I would also suggest you talk with an Orthodox rabbi familiar with the situation among non O in America (IE a mainstream modern O rabbi, esp one familiar with BT issues) Not sure a rabbi in Israel would be a good source on the sociology, even if you follow them on halacha.


So the kids are only worth being involved with if they are "halachically" Jewish through the mother? Such bullsh*t reasoning is why the numbers of Jews will decrease in the U.S. My son is not "halachically" Jewish because I (the mom) am not, but I make a lot of effort to educate him and expose him to the faith. If what you're intending is to alienate Jews and decrease your numbers, good job.


Good for you. However halachically Jewish kids will find an easier path to traditional Judaism, especially given that in this case the Jewish parent is an atheist so they will not be educated as Jews.


And that matters, why? Being obsessed with the gender of the Jewish parent only makes the child less likely to find their way to traditional Judaism, because it's so arbitrary. The only reason the path is easier for the halachically Jewish kid is because you discriminated against the non-halachic kid based solely on the gender of the Jewish parent.


You are correct. Interfaith marriages are the reason that Reform Judaism is dying out. While I think the OP is wrong if she doesn’t attend her sidter’s wedding, statistics show that there is a significant chance that her future nieces and nephews will not raise Jewish children.


You're ignoring the point: if Jewish congregations (of all types) were more welcoming to intermarriage and half-Jewish children, then numbers would grow.


On the contrary, Reform, reconstructionist and even conservative synagogues have bent over backwards to welcome everyone and anyone to keep their numbers strong to no avail. Interfaith marriages, same sex marriages, adoption without conversion. It’s not lack of acceptance. It’s the fact that these places of worship lack any seblance to actual religion.

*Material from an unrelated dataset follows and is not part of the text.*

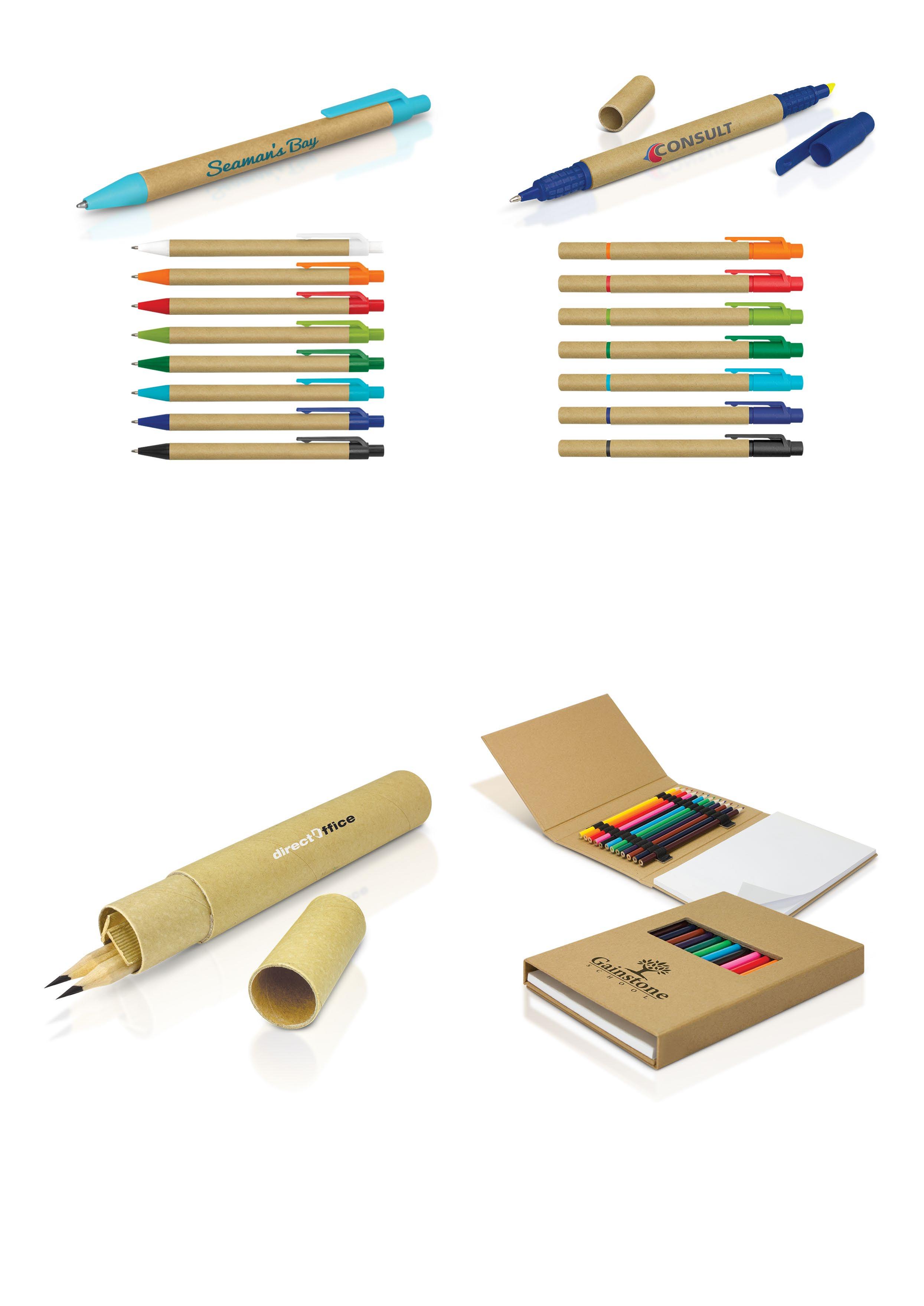 Branding Options: Eco Pen & Pencil Set 115888 Handy pen and pencil set in a natural unbleached cardboard tube. The set contains two unpainted wood HB pencils and two pens which are manufactured from natural unbleached paper. The pens both have black ink and push on caps. • Pad Print • Screen Print • Direct Digital
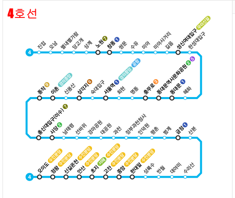 서울 지하철 노선도 4호선은 오이도역에서 당고개역까지 운행하고 있으며, 수인분당선과 연결됩니다.

+1. When a religion asks literally nothing of you, it gives nothing back. These liberal denominations are not spiritually nourishing. I’ve seen this among Christians, as well. (I’m Christian.). I went to a ridiculously “welcoming” UU congregation and it was a spiritual sh*tshow. I left (quietly and respectfully) and multiple board members kept basically asking me why I left and how they could “improve.” It’s like a Burger King at these places: “Have it your way!” The food still sucks.

I’m sorry, are you a Reform, Reconstructionist, or Conservative Jew? If not, who are you to say whether people who practice in those denominations feel spiritually nourished? It might not be your “food,” but for those of us who belong and have a relationship with our worship and our community, it certainly doesn’t “suck.” Your post is incredibly offensive—though I do appreciate your use of metaphor.

I was raised Reform and belong to a Reform congregation that does ask a lot of me. I do give a lot back in return. I also read the Torah portion every week, listen to and read commentary, and celebrate Shabbat every week, whether with my family in our home, at temple, or with a wonderful group of friends. And while there are certainly Jews of all denominations who don’t practice or take their affiliation seriously (just as there are Protestants, Catholics, etc wh do the same!) I’m not alone in my relationship to Judaism.
Anonymous
Anonymous wrote:
Anonymous wrote:I would not go to the wedding, but have an open-door policy if they want to come over for family celebrations and holidays. I would also take my sister on a girl's trip and tell her how much I love her and will always be there for her, but that I am not coming to the wedding. Particularly with American divorce rates, we have this enormous unnecessary build up to weddings which is just ridiculous on many levels. Real family members love and respect family members' boundaries. OP has a boundary. The sister has a boundary. But it's one day in many years together. In the grand scheme of things, it's one day.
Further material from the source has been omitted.